I hadn't noted the recent op-ed in the Charlotte Observer about immigration by the president of the NC Farm Bureau.
North Carolina has enacted no laws such as those in Arizona and Alabama, but the rhetoric surrounding those laws has impacted our farming and business communities. Such laws place pressure on N.C. legislators to take similar action. Right now, the Supreme Court is reviewing the Arizona immigration law. Even if the court decides that states can enact such laws, the fact remains that the laws negatively impact state and regional economies. Only a federal fix can solve the problem.

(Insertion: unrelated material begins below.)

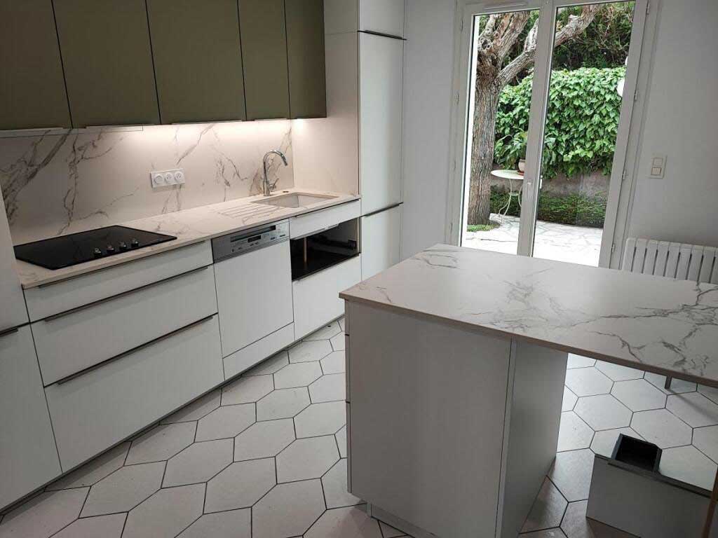 Le plan de travail est l’une des réalisations les plus techniques. Il doit résister à la chaleur, aux chocs, aux tâches et à une utilisation quotidienne parfois intensive.

We need look no farther than Georgia and South Carolina to see the effects of such laws. In both states, farmers have cut back on production for fear they will not have enough workers to harvest their crops. The effects of these laws are already spilling over into North Carolina.
The state legislature decided--quite prudently given the legal costs involved--not long ago to wait on the upcoming Supreme Court ruling before doing anything. If the court upholds key parts of the Arizona law, then of course there will be pressure to do the same in North Carolina--odds are very good the Republican-dominated legislature will do so. Just because you can, though, does not necessarily mean you should.
At this point, the political backlash is not so much from the Latino electorate, because Latinos constitute only just over 1% of registered voters. Instead, growing concern is coming from farmers and religious leaders. Farms and religion both matter in North Carolina, so a coordinated political strategy targeting individual elected officials is the main way to block such a bill.